[Stored items]

----

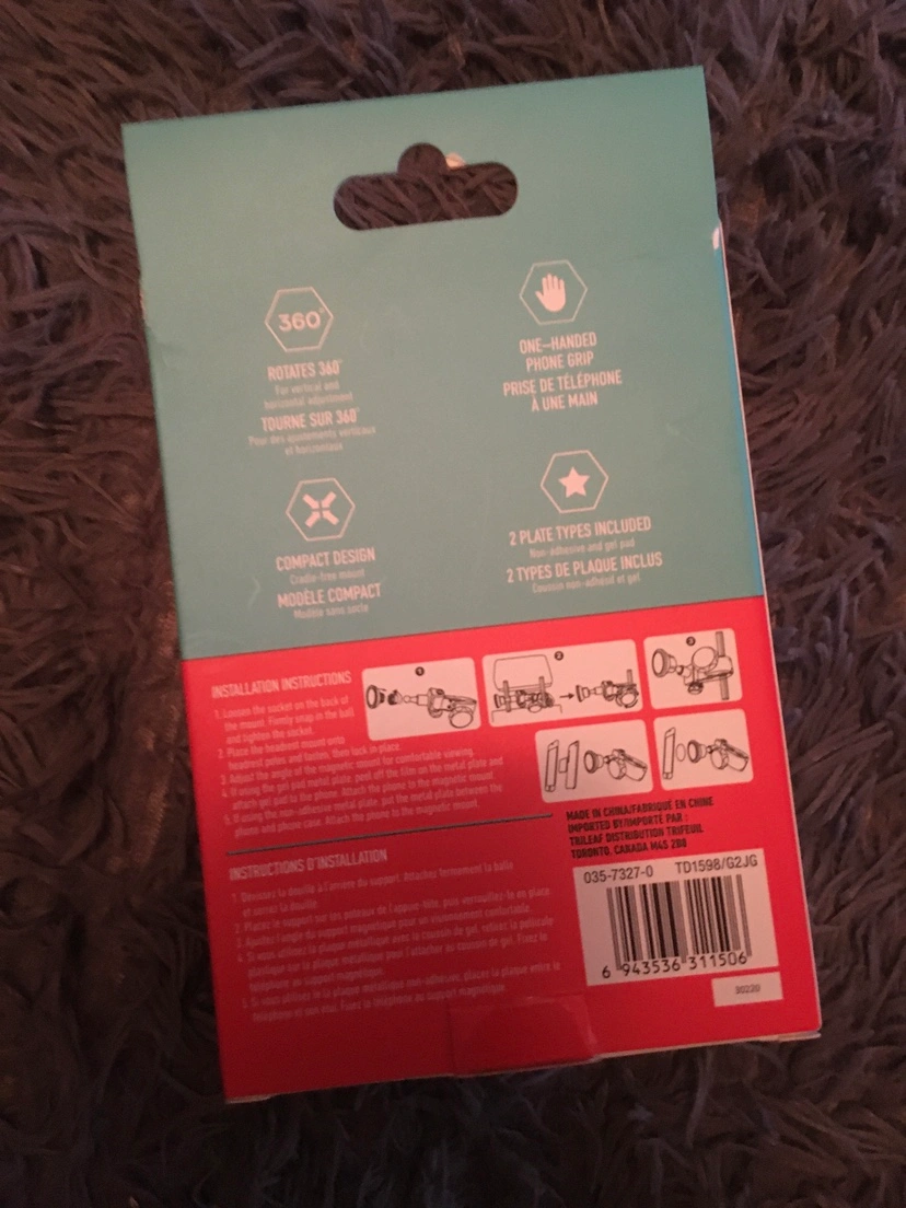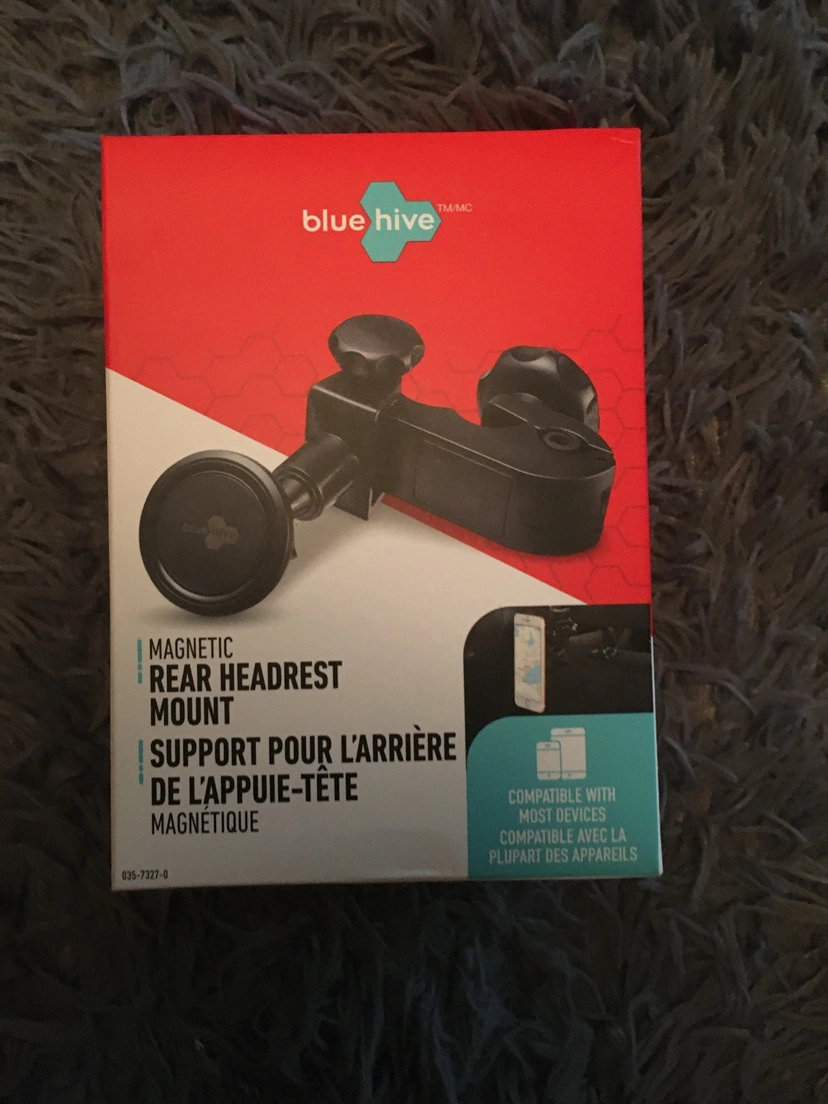 106A magnetic phone mount that attaches to the back of your car headrest. The mount is compatible with most phones and has a 360 degree rotation. Comes with two types of plates.
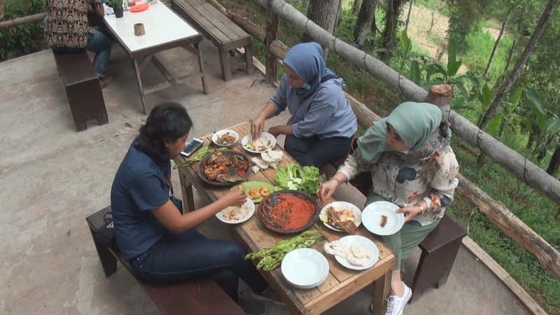 "Masakannya endulita (enak), bumbunya berasa sekali. Harganya juga sesuai dengan rasanya, cukup terjangkau. Apalagi saat makan kita bisa nikmati keindahan dan keasrian alam, soalnya posisi ada di tepi lembah seperti ini," ucap wanita yang menyukai kuliner tradisional ini.
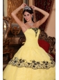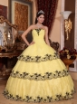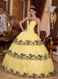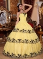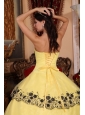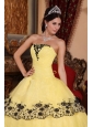 Affordable Yellow Quinceanera Dress Strapless Organza Lace Appliques Ball Gown
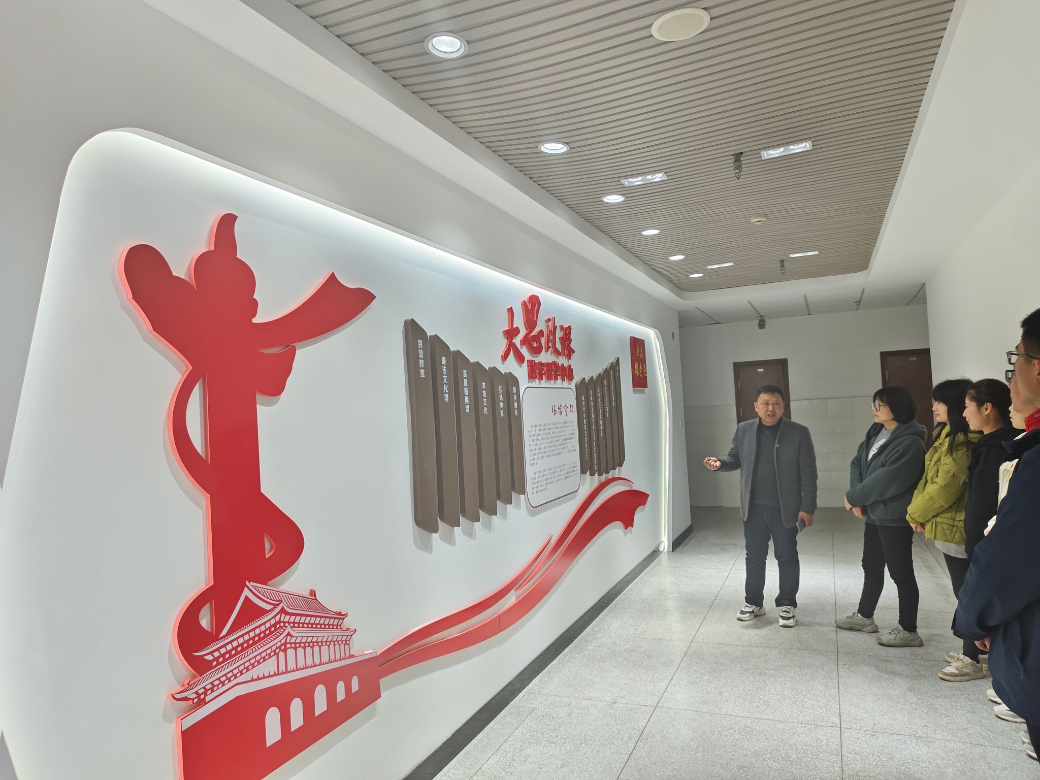 为大力弘扬伟大建党精神,回顾党的光辉历程,3月27日,信息工程学院学生管理联合党支部师生12人在支部书记赵盼盼的带领下,赴学校“大思政课”数字研学中心开展主题党日活动。马克思主义学院党总支书记、院长孔金热情接待。
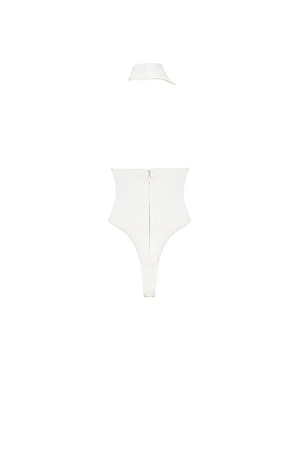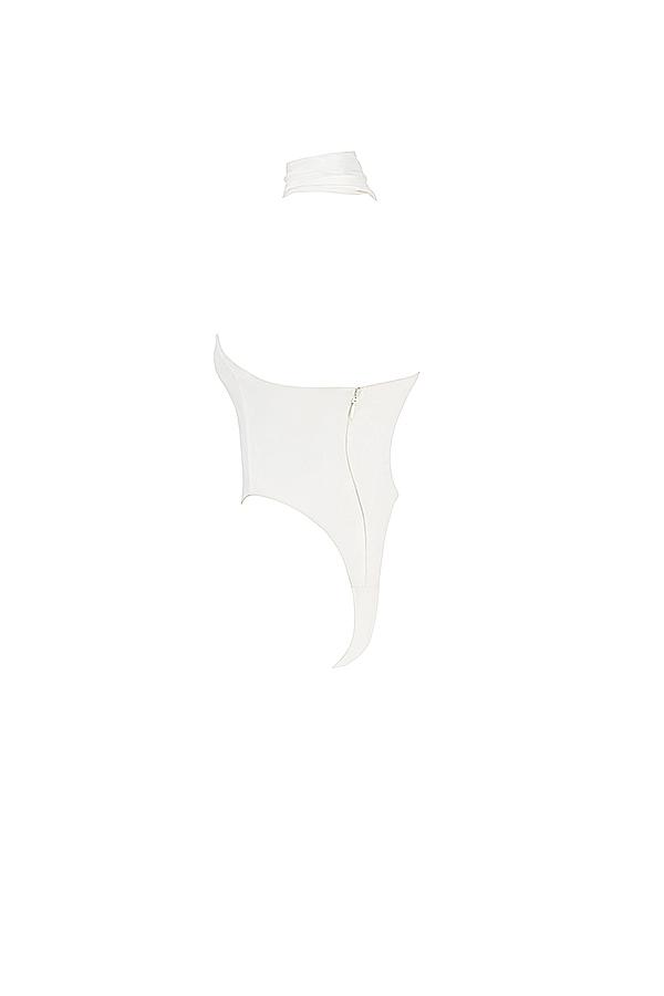 'Farrah' is our striking sleeveless bodysuit that we love paired with tailored trousers. This ultra feminine creation is cut from our lustrous, ultra light duchess satin in soft ivory and has a one shoulder cut, fitted with internal side boding for a structured fit.
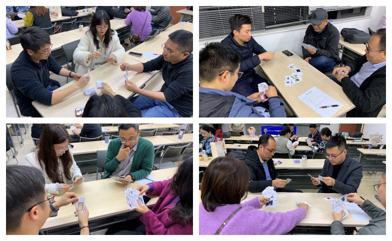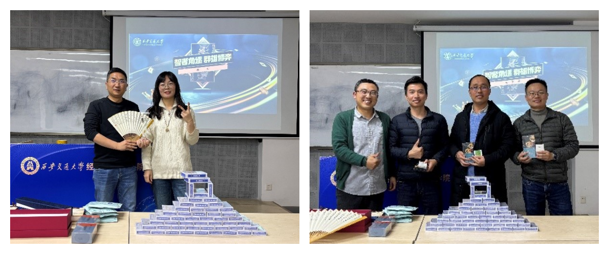 选手们迅速进入状态,有的眉头紧锁,专注地分析手中的牌型与可能的出牌策略;有的面带微笑,显得胸有成竹,仿佛一切尽在掌握之中。随着时间的推移,比赛逐渐进入白热化阶段,激烈的脑力比拼引得现场阵阵惊呼。最终经过两轮的惨烈厮杀,胡续耀同学力压群雄,一举夺魁,赢得 “掼王”奖杯及书法家周真源题字的书法折扇;马志宏、何亮、苏召辉等同学遗憾落败,意犹未尽,约定下次重整旗鼓、再较高下。在欢笑声中,比赛落下帷幕。
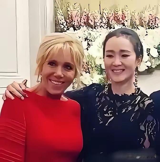 巩俐和马克龙的夫人合影留念,感觉她们二人很熟,关系好像也不错,看来巩俐在法国也是有一定影响力的,跟马克龙夫人的关系处到这种程度,说明跟马克龙也是非常熟悉的,一个女演员,能够和这些政要认识,真是不简单!
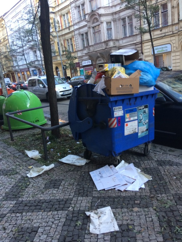 děkujeme za Váš podnět. Svoz a úklid tříděných kontejnerů zajišťuje firma AVE. Tam urgenci předáváme a kontrolu provedeme následující pracovní den.
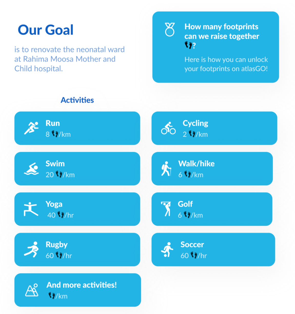The Footprints 4 Sam World Giving Series is a challenge event where participants are encouraged to exercise and move as much as they can for three months, earning footprints along the way. Every three months a new challenge will begin, with funds going to a different element of the organisation's work. The first series raised over 200,000 rands for the renovation of the Neonatal ICU (NICU) unit at the Rahima Moosa Mother and Child Hospital in Johannesburg, South Africa!
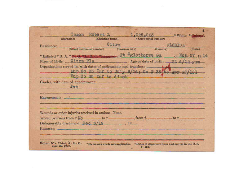 Florida. Military Dept. Robert L Cason. . State Archives of Florida, Florida Memory. <https://www.floridamemory.com/items/show/199484>, accessed 28 November 2025.
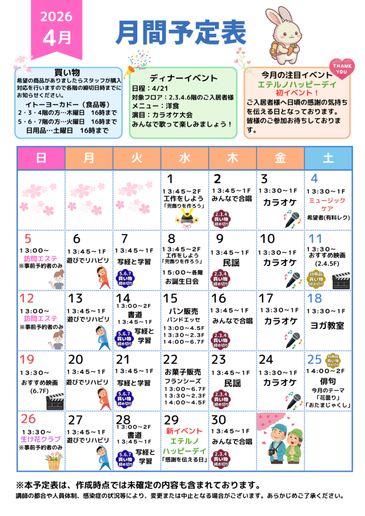 4月は、書道やヨガ教室、カラオケ、映画鑑賞、俳句などの定期プログラムに加え、お誕生日会やディナーイベントなど、季節を感じながら楽しめる企画をご用意しております。
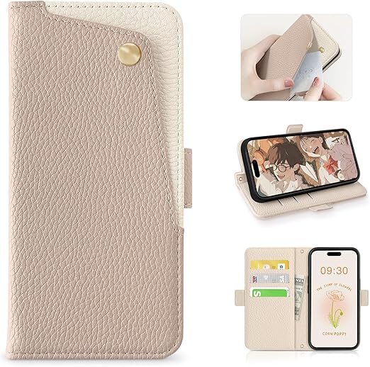 CASSYOOK いphone15 ケース 手帳型 iphone15 ケース 財布型 カバー カードポケット付き スマホケース iphone 15 全面保護 あいふおん15ケース カード収納 横置きスタンド機能 高級PUレザー おしゃれ 上質な手触り 擦り傷防止(アプリコット) a
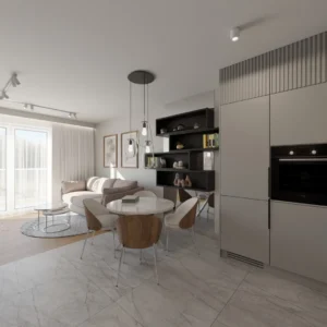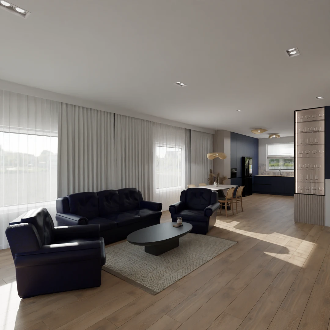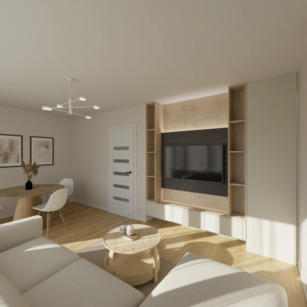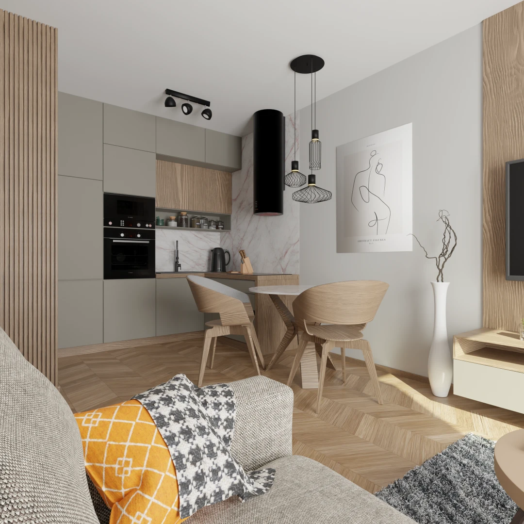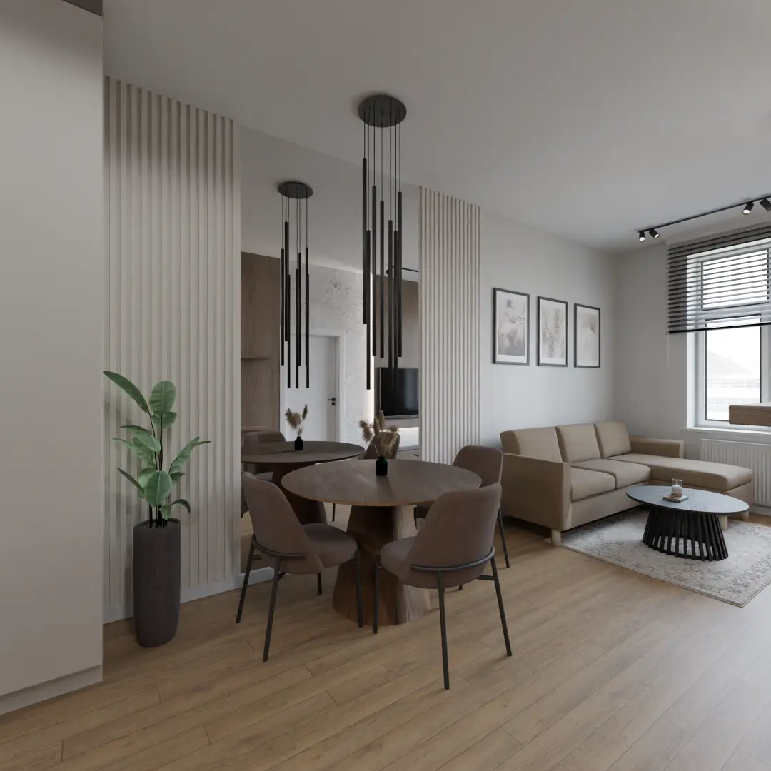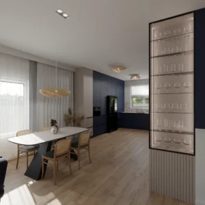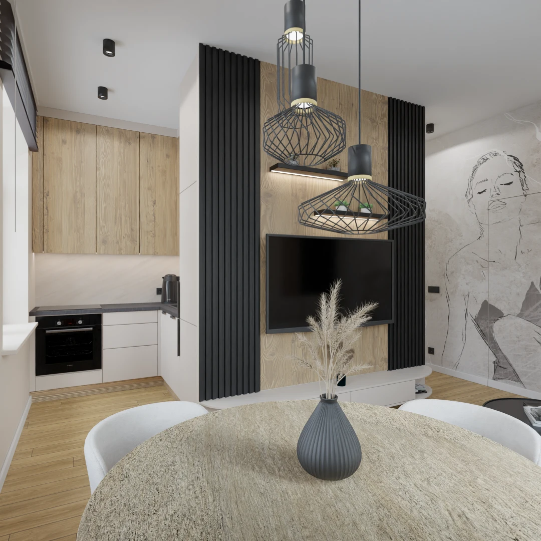 Projekt salonu z jadalnią z pozostawieniem istniejącej podłogi

----

Exercise goal: Given the records above, return the lines starting at the one that holds "kuliner tradisional ini." and ending at the one that holds "a structured fit.", exactly, and nothing besides; leave every picture out.

Reply to the task:
 "Masakannya endulita (enak), bumbunya berasa sekali. Harganya juga sesuai dengan rasanya, cukup terjangkau. Apalagi saat makan kita bisa nikmati keindahan dan keasrian alam, soalnya posisi ada di tepi lembah seperti ini," ucap wanita yang menyukai kuliner tradisional ini.
 Affordable Yellow Quinceanera Dress Strapless Organza Lace Appliques Ball Gown
 为大力弘扬伟大建党精神,回顾党的光辉历程,3月27日,信息工程学院学生管理联合党支部师生12人在支部书记赵盼盼的带领下,赴学校“大思政课”数字研学中心开展主题党日活动。马克思主义学院党总支书记、院长孔金热情接待。
 'Farrah' is our striking sleeveless bodysuit that we love paired with tailored trousers. This ultra feminine creation is cut from our lustrous, ultra light duchess satin in soft ivory and has a one shoulder cut, fitted with internal side boding for a structured fit.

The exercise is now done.